The committee wanted the protocol to be the main tool companies turn to when they design their activities. It was then decided that companies would report on emissions from scope 1 and scope 2 (emissions from the headquarters and electricity sources), leaving scope 3 as optional to be reported on. Companies get points for reducing scope 1 and scope 2 but not for scope 3. Therefore, companies have incentive to report and reduce emissions for scope 1 and 2, but not to manage emissions for scope 3. The motivation to obtain high scores is to be perceived as a leading company in mitigating climate change, contributing to reputation risk management.
The wider purpose of this project is to re-open the discussion on the Protocol’s development to assert that its structure was the product of authorships that were negotiated and contested. Doing this acknowledges prospect to dialogue on tool redesign on the boundary issue (scopes). Much is at stake, particularly as climate finance and climate justice are concerned.
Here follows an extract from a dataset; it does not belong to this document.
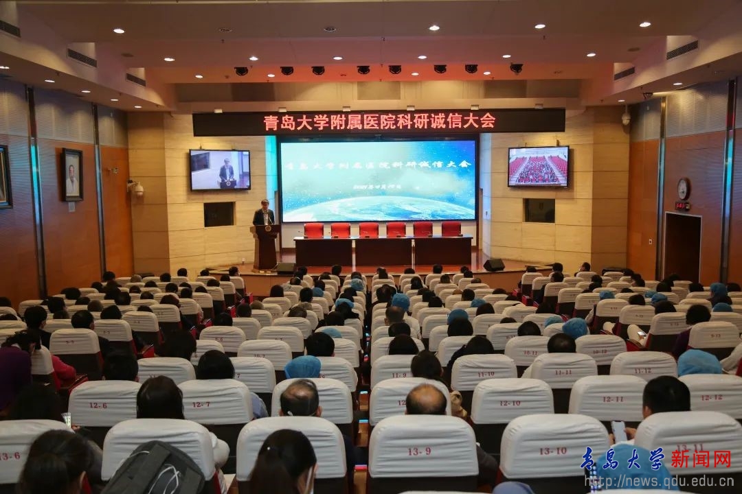 誠信大會上,青島大學第一臨床醫學院院長牛海濤作《構建風清氣正學術氛圍 共創高質量發展新格局》工作報告。他分析了國內外醫學界以及醫院的科研誠信整體形勢,通報了醫院對“問題學術學位論文”的調查處理情況。他要求嚴格履行誠信建設第一主體責任,以健全的科研誠信內部管理體系落實關鍵環節監管,以常態化教育引導全院人員自覺規范研究行為,通過多措并舉、綜合施策,營造風清氣正的科研生態。
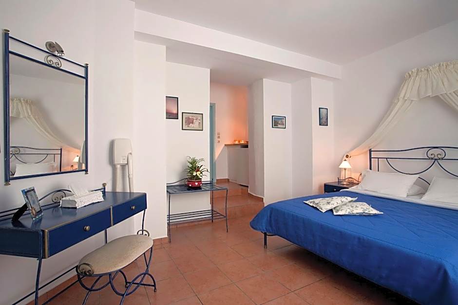 Opening to a veranda with unique views over the Caldera and the sea, this elegant junior suite features an open-plan bedroom with a double bed and a bathroom with bathtub. It offers free WiFi and is fully equipped with individually controlled air conditioning, TV, free tea/coffee and hairdryer.

A question that was discussed that I found particularly interesting with regard to carbon emissions was: Is there too much science? What are the political stakes for not having more precise accounting acting as a barrier for political change? Would more precise accounting for carbon is a barrier for deeper fictionalization of greenhouse gasses, creating a carbon market? Would better science lead to better accounting, to better solutions for carbon emissions? All accounting are conventions and we need conventions to act.
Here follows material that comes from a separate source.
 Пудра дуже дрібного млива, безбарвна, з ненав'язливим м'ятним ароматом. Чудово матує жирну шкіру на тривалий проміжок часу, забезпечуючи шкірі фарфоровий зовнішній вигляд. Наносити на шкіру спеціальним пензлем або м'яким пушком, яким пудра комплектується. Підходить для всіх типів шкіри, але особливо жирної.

In the evening we are invited to a conference dinner. Taking a walk through the city, Christmas lights decorate many buildings and main boulevards and tinkle in stark contrast to our efforts in the last two days.
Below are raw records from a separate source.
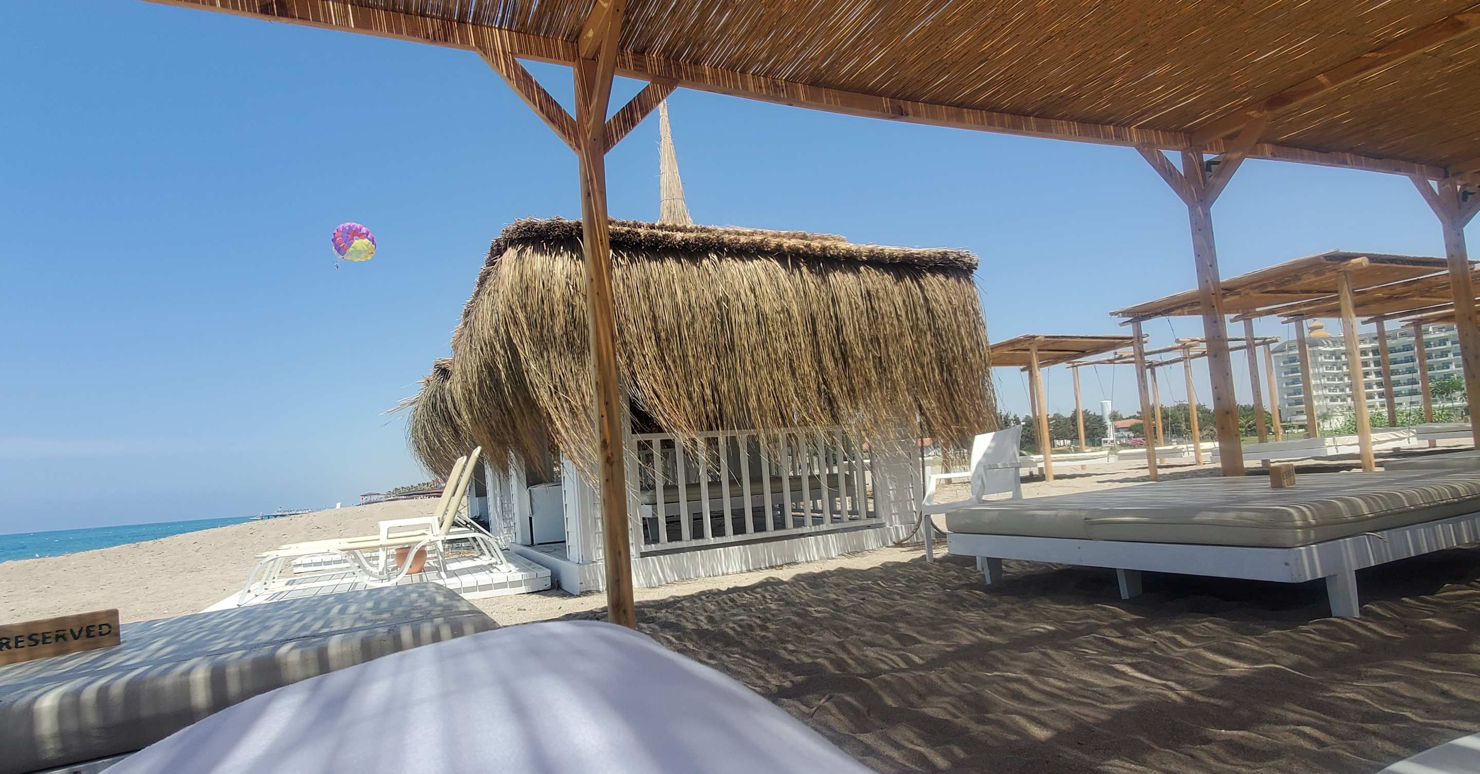 Strandbetten und privates Strandhaus
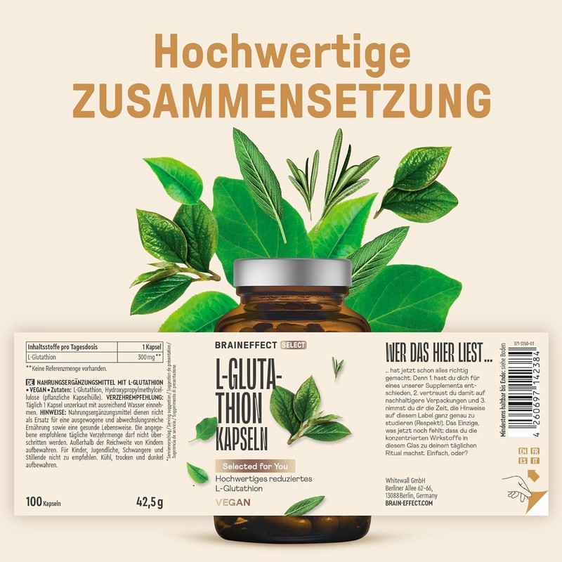 L-Glutathione, 300 mg per daily dose, 100 capsules, high dosage, pure and reduced, tripeptide: Glutamic acid, cysteine and glycine, vegan, without magnesium stearate, German quality.
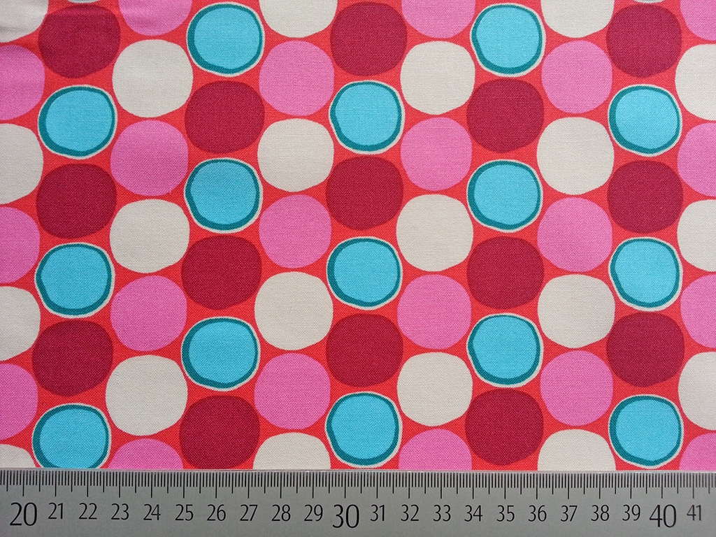 Ein frischer Baumwollstoff in rot mit Punkten in rosa, pink und türkis.
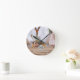 Rustic Photo Collage Monogram NEWLYWEDS WEDDING Round Clock
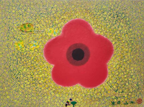 김병종 화가는 1989년부터 ‘생명의 노래’ 시리즈를 그려왔다. ‘생명의 노래’ 연작 중 대표 작품인 ‘화홍산수’는 생명이 만개하는 순간, 분출하는 생명을 상징하고 있다. 출품된 6점의 붉은 꽃은 생명의 눈동자로 강인한 생명력을 표현한다.
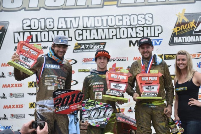 MORGANTOWN, W.Va. (May 21, 2016) – An abundant amount of rainfall occurred at High Point Raceway creating a slick and muddy track for the fifth round of the ProX ATV Motocross National Championship (ATVMX) presented by CST Tires, an AMA National Championship. The track crew worked diligently to create the best racecourse possible and at the conclusion of the two 20-minute motos it was Maxxis/Elka Suspension/Liquid Wrench’s Joel Hetrick who took home the overall win with 2-1 moto finishes.
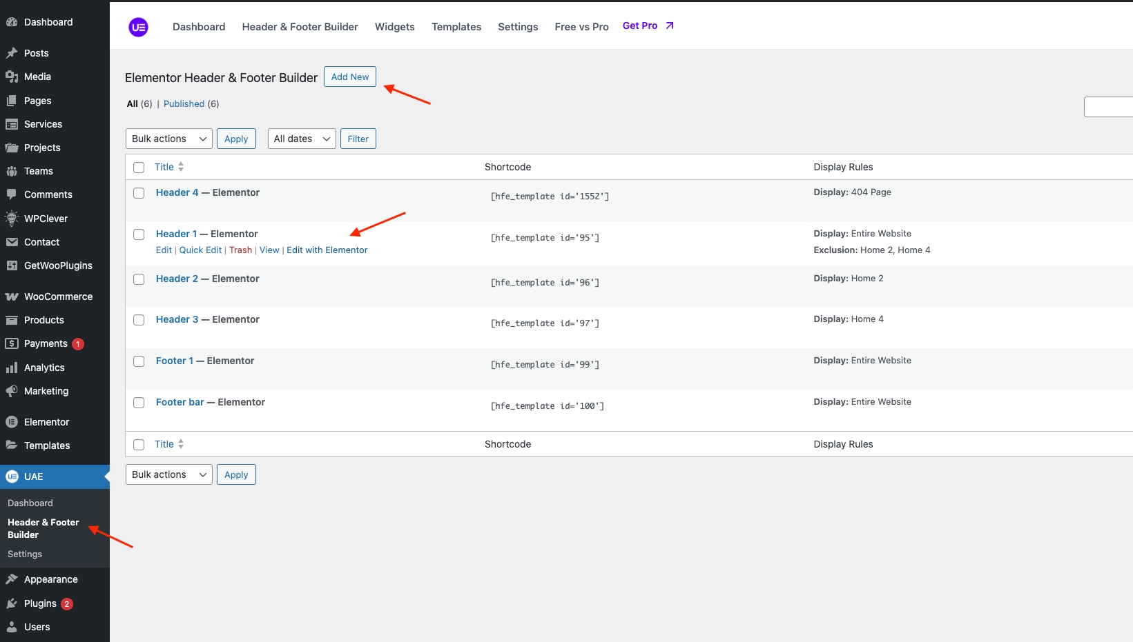 Step 1: Go to WordPress Dashboard > UAE > Header & Footer Builder > Add new
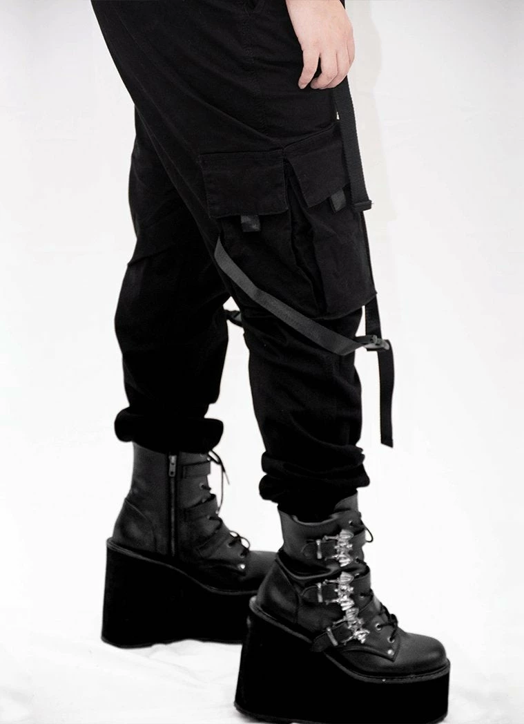 Designed with both comfort and style in mind, our Unknown Zone Strap Pants will quickly become your go-to pants, transitioning effortlessly from day to night. The buckle strap detail gives that techwear aesthetic along with functional pockets. These pants are made of cotton and spandex.

Over the three-course meal (vegan! Thank you Phillip for organising this!) we have a chance to continue discussing each others’ projects. Claudia Vitel was telling us more about her project in Brazil on deforestation and the contention and conflict that arises between government, industry, and indigenous communities in the Amazon. While Claudia describes her experience in the forests, meeting new and interesting animals, I reflect about my own disconnect with nature and how few diverse animals (insects, reptiles) I’ve met. This reflexion makes me think of my own ‘natural poverty’, having been living in a particular geography, lands impoverished and empty of life. I can count (on one hand) the number of encounters I had with wild snakes when walking in (managed) woods, or the times I saw a hedgehog, or hares. Even when I did see them, standing quietly in a respectful distance, it is striking how these animals are pushed to the sidelines of human-occupying spaces. I think how fortunate Claudia and other people living in the Amazon are, who encounter so many wonderful beings and how devastating human industrial activity is not only to nonhuman beings, but also to humans who are robbed from these encounters.
Tomorrow, the last day of the conference will be looking into insurance and models for natural disasters. As a response to environmental crisis, we will also hear a talk about a working paper investigating futurists’ calculating for climate risk investment and insurance.